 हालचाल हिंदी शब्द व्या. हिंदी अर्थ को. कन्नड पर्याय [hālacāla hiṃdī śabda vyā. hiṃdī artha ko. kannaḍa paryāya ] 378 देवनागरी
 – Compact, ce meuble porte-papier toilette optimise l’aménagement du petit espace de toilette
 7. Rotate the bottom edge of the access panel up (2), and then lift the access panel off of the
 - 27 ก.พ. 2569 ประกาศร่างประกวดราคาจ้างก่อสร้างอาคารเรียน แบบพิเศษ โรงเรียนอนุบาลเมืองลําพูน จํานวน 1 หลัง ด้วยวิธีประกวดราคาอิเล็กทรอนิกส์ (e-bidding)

---*---

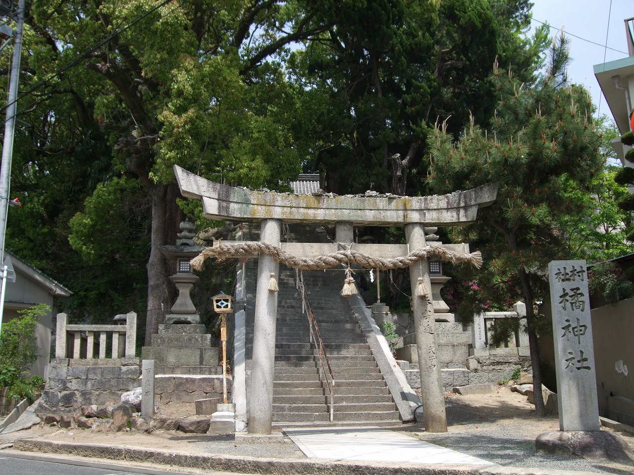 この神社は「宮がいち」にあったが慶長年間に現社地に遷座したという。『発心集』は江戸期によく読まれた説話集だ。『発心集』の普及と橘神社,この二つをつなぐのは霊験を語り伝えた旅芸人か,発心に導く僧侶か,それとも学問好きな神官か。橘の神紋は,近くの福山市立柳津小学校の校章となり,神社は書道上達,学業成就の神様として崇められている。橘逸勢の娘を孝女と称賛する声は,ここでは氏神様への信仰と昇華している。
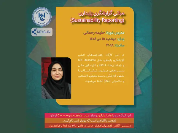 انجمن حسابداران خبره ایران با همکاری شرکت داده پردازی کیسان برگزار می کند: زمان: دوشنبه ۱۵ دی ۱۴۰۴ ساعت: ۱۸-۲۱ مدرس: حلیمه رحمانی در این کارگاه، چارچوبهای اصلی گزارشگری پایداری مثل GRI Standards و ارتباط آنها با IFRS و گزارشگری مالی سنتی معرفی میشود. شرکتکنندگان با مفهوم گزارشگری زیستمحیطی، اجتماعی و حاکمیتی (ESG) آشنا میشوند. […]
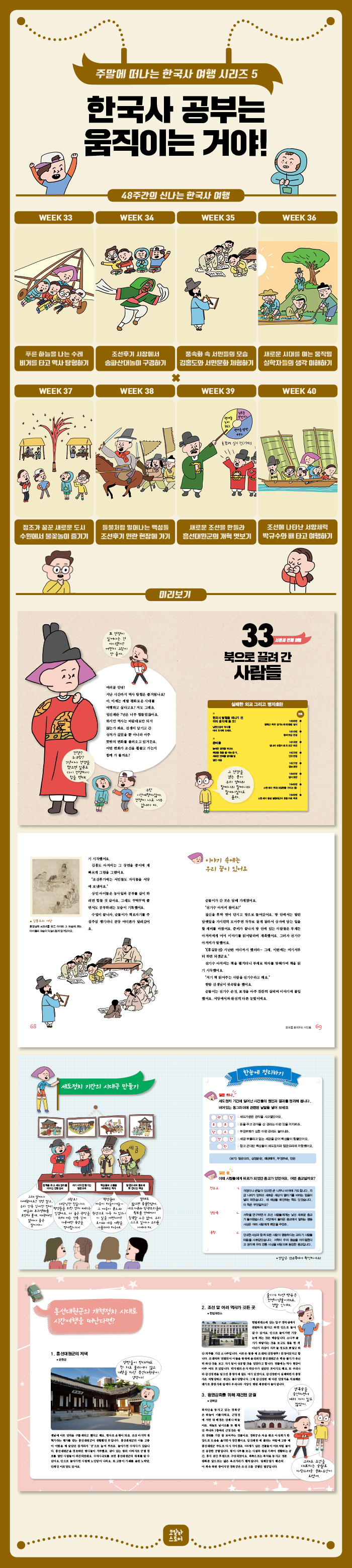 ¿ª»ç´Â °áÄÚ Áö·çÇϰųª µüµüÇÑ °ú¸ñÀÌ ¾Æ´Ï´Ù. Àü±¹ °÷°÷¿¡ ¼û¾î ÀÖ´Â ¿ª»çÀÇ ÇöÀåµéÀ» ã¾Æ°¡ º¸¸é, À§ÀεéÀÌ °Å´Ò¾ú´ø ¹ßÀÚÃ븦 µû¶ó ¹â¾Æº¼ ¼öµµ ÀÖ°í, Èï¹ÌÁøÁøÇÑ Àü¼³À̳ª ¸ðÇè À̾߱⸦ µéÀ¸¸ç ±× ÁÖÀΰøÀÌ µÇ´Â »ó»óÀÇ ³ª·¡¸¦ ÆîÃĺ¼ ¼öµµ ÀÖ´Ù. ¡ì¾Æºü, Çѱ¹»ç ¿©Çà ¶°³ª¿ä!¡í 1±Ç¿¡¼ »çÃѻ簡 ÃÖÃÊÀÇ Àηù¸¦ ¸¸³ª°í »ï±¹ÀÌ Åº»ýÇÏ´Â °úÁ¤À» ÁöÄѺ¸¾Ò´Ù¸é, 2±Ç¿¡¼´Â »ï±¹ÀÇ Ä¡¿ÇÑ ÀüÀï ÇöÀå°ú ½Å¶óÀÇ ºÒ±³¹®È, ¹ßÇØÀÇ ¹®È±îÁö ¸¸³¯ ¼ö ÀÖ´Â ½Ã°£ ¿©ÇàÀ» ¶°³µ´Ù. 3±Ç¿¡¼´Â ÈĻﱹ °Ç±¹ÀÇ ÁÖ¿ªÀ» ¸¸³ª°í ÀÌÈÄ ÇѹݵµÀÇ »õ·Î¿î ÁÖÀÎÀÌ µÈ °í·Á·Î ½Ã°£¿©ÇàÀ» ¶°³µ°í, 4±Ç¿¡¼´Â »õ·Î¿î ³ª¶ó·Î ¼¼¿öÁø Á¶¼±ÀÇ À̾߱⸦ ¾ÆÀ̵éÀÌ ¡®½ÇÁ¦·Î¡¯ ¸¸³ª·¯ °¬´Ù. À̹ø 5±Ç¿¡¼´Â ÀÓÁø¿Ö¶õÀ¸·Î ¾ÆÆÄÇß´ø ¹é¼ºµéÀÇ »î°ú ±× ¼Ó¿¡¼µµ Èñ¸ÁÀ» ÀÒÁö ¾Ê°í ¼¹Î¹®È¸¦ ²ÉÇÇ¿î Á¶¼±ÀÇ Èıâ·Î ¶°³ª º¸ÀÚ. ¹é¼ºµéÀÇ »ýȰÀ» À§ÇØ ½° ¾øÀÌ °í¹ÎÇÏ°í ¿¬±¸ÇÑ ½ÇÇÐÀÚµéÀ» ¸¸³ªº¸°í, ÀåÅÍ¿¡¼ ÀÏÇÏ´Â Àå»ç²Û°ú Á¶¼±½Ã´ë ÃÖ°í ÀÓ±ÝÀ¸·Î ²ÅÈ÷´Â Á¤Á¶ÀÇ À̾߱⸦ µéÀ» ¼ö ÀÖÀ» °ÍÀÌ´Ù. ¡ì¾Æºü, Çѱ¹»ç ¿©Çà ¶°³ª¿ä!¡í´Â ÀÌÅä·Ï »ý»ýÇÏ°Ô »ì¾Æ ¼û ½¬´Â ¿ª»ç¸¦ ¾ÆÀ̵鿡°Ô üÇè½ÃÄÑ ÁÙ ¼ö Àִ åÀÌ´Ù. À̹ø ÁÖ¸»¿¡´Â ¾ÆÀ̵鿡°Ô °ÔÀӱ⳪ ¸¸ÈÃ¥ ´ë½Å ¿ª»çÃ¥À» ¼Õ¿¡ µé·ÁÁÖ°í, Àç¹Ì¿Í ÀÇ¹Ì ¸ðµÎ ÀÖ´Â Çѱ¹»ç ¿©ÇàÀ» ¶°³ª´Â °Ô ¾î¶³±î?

---*---

__Problem statement__.
Give again, exactly as written above, every line from the one holding "انجمن حسابداران خبره" to the one holding "Áö·çÇϰųª µüµüÇÑ °ú¸ñÀÌ", with both ends kept and the pictures left out.

__Reply to the task__.
 انجمن حسابداران خبره ایران با همکاری شرکت داده پردازی کیسان برگزار می کند: زمان: دوشنبه ۱۵ دی ۱۴۰۴ ساعت: ۱۸-۲۱ مدرس: حلیمه رحمانی در این کارگاه، چارچوبهای اصلی گزارشگری پایداری مثل GRI Standards و ارتباط آنها با IFRS و گزارشگری مالی سنتی معرفی میشود. شرکتکنندگان با مفهوم گزارشگری زیستمحیطی، اجتماعی و حاکمیتی (ESG) آشنا میشوند. […]
 ¿ª»ç´Â °áÄÚ Áö·çÇϰųª µüµüÇÑ °ú¸ñÀÌ ¾Æ´Ï´Ù. Àü±¹ °÷°÷¿¡ ¼û¾î ÀÖ´Â ¿ª»çÀÇ ÇöÀåµéÀ» ã¾Æ°¡ º¸¸é, À§ÀεéÀÌ °Å´Ò¾ú´ø ¹ßÀÚÃ븦 µû¶ó ¹â¾Æº¼ ¼öµµ ÀÖ°í, Èï¹ÌÁøÁøÇÑ Àü¼³À̳ª ¸ðÇè À̾߱⸦ µéÀ¸¸ç ±× ÁÖÀΰøÀÌ µÇ´Â »ó»óÀÇ ³ª·¡¸¦ ÆîÃĺ¼ ¼öµµ ÀÖ´Ù. ¡ì¾Æºü, Çѱ¹»ç ¿©Çà ¶°³ª¿ä!¡í 1±Ç¿¡¼ »çÃѻ簡 ÃÖÃÊÀÇ Àηù¸¦ ¸¸³ª°í »ï±¹ÀÌ Åº»ýÇÏ´Â °úÁ¤À» ÁöÄѺ¸¾Ò´Ù¸é, 2±Ç¿¡¼´Â »ï±¹ÀÇ Ä¡¿ÇÑ ÀüÀï ÇöÀå°ú ½Å¶óÀÇ ºÒ±³¹®È, ¹ßÇØÀÇ ¹®È±îÁö ¸¸³¯ ¼ö ÀÖ´Â ½Ã°£ ¿©ÇàÀ» ¶°³µ´Ù. 3±Ç¿¡¼´Â ÈĻﱹ °Ç±¹ÀÇ ÁÖ¿ªÀ» ¸¸³ª°í ÀÌÈÄ ÇѹݵµÀÇ »õ·Î¿î ÁÖÀÎÀÌ µÈ °í·Á·Î ½Ã°£¿©ÇàÀ» ¶°³µ°í, 4±Ç¿¡¼´Â »õ·Î¿î ³ª¶ó·Î ¼¼¿öÁø Á¶¼±ÀÇ À̾߱⸦ ¾ÆÀ̵éÀÌ ¡®½ÇÁ¦·Î¡¯ ¸¸³ª·¯ °¬´Ù. À̹ø 5±Ç¿¡¼´Â ÀÓÁø¿Ö¶õÀ¸·Î ¾ÆÆÄÇß´ø ¹é¼ºµéÀÇ »î°ú ±× ¼Ó¿¡¼µµ Èñ¸ÁÀ» ÀÒÁö ¾Ê°í ¼¹Î¹®È¸¦ ²ÉÇÇ¿î Á¶¼±ÀÇ Èıâ·Î ¶°³ª º¸ÀÚ. ¹é¼ºµéÀÇ »ýȰÀ» À§ÇØ ½° ¾øÀÌ °í¹ÎÇÏ°í ¿¬±¸ÇÑ ½ÇÇÐÀÚµéÀ» ¸¸³ªº¸°í, ÀåÅÍ¿¡¼ ÀÏÇÏ´Â Àå»ç²Û°ú Á¶¼±½Ã´ë ÃÖ°í ÀÓ±ÝÀ¸·Î ²ÅÈ÷´Â Á¤Á¶ÀÇ À̾߱⸦ µéÀ» ¼ö ÀÖÀ» °ÍÀÌ´Ù. ¡ì¾Æºü, Çѱ¹»ç ¿©Çà ¶°³ª¿ä!¡í´Â ÀÌÅä·Ï »ý»ýÇÏ°Ô »ì¾Æ ¼û ½¬´Â ¿ª»ç¸¦ ¾ÆÀ̵鿡°Ô üÇè½ÃÄÑ ÁÙ ¼ö Àִ åÀÌ´Ù. À̹ø ÁÖ¸»¿¡´Â ¾ÆÀ̵鿡°Ô °ÔÀӱ⳪ ¸¸ÈÃ¥ ´ë½Å ¿ª»çÃ¥À» ¼Õ¿¡ µé·ÁÁÖ°í, Àç¹Ì¿Í ÀÇ¹Ì ¸ðµÎ ÀÖ´Â Çѱ¹»ç ¿©ÇàÀ» ¶°³ª´Â °Ô ¾î¶³±î?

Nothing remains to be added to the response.